TASK TO CARRY OUT:
All lines from the one containing "A esta obra" through the last line of the listing below are to be copied exactly. Exclude the pictures.

○ ○ ○

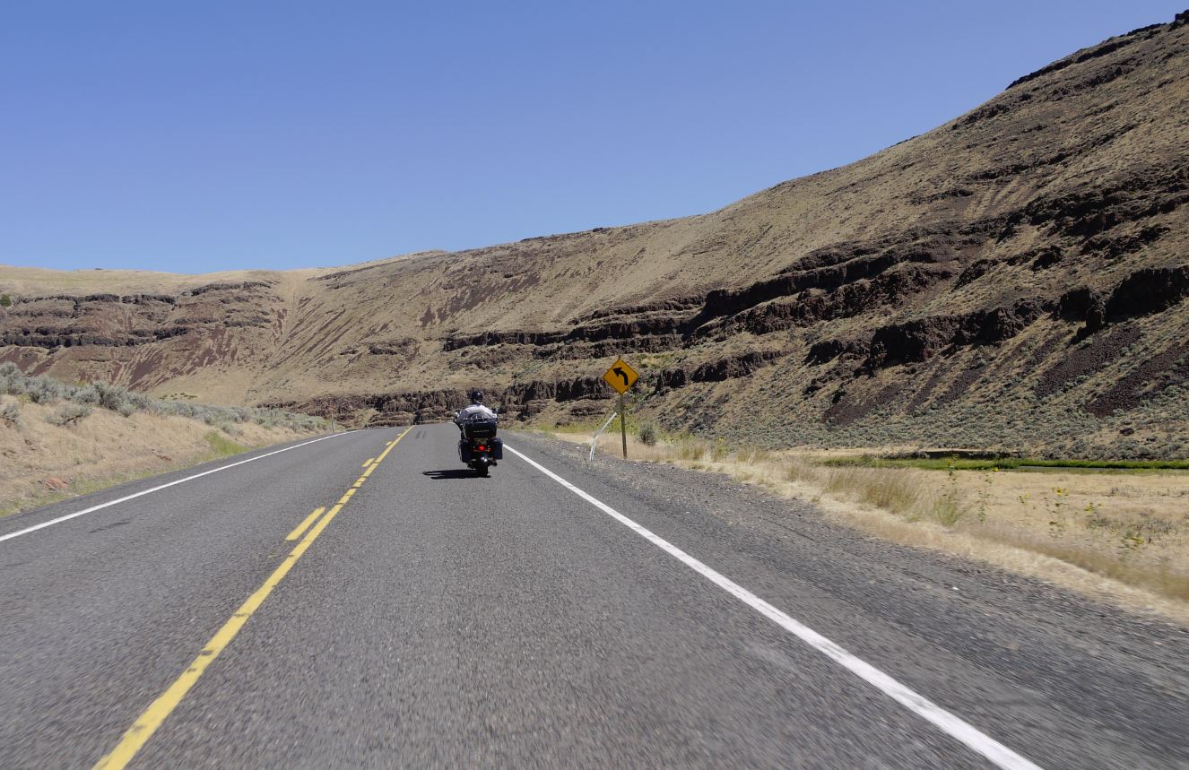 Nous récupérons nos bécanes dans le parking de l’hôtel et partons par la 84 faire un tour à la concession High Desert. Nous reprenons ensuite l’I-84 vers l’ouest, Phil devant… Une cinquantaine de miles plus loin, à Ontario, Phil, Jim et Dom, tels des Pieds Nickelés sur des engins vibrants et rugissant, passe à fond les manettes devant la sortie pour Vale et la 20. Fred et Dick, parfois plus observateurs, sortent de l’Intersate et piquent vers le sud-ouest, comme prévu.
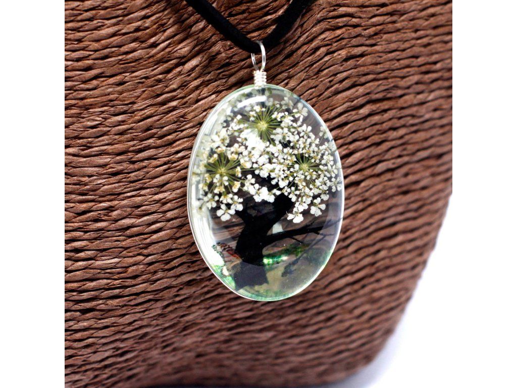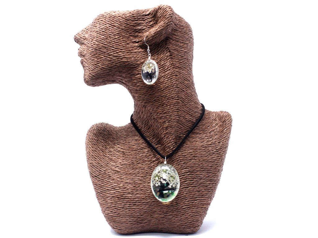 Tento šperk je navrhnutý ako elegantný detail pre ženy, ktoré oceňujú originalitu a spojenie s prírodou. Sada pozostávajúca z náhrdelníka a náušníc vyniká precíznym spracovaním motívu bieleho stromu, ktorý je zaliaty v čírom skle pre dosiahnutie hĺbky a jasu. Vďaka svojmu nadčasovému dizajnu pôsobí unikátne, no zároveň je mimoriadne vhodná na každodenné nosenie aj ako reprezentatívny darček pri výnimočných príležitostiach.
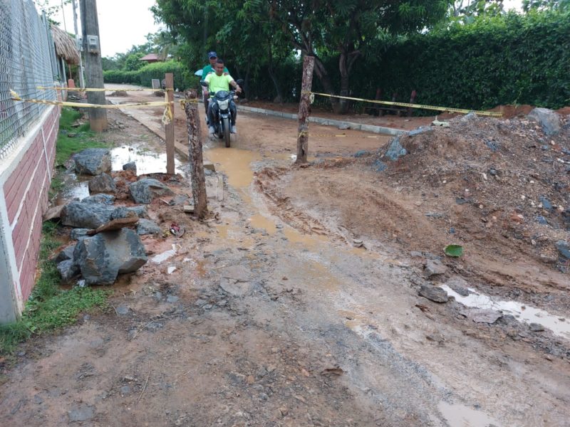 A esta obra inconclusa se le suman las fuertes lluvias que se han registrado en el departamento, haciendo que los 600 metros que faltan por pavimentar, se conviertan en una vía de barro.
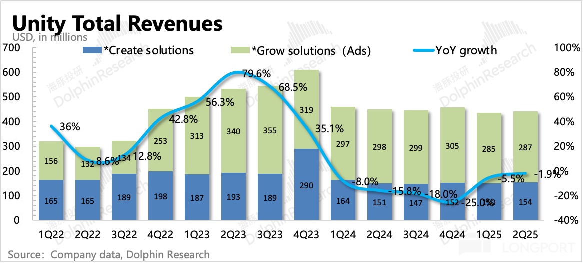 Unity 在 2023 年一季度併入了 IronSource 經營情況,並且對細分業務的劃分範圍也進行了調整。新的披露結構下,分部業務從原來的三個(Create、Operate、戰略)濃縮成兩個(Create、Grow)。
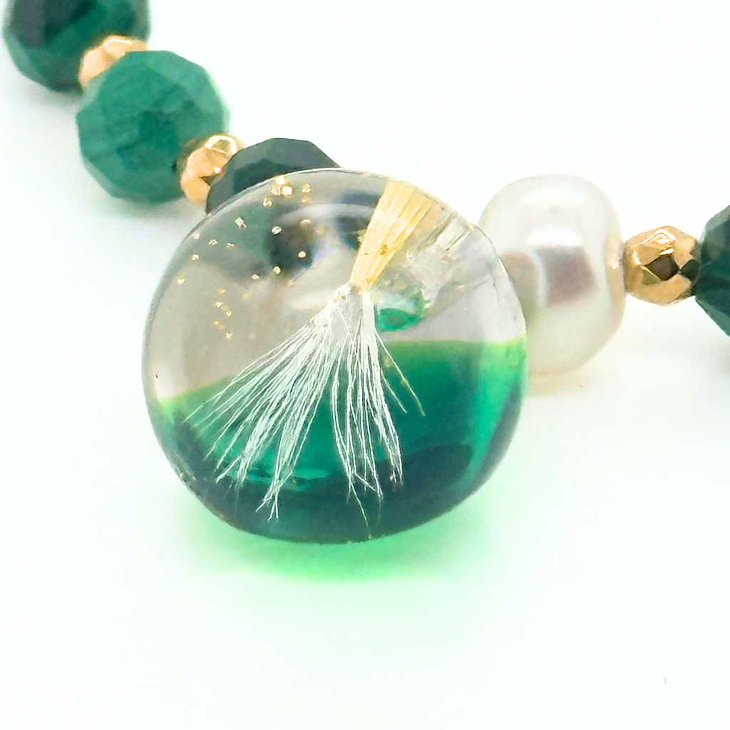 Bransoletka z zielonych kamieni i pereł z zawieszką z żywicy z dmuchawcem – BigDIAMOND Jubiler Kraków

○ ○ ○

RESULT OF THIS EXERCISE:
 A esta obra inconclusa se le suman las fuertes lluvias que se han registrado en el departamento, haciendo que los 600 metros que faltan por pavimentar, se conviertan en una vía de barro.
 Unity 在 2023 年一季度併入了 IronSource 經營情況,並且對細分業務的劃分範圍也進行了調整。新的披露結構下,分部業務從原來的三個(Create、Operate、戰略)濃縮成兩個(Create、Grow)。
 Bransoletka z zielonych kamieni i pereł z zawieszką z żywicy z dmuchawcem – BigDIAMOND Jubiler Kraków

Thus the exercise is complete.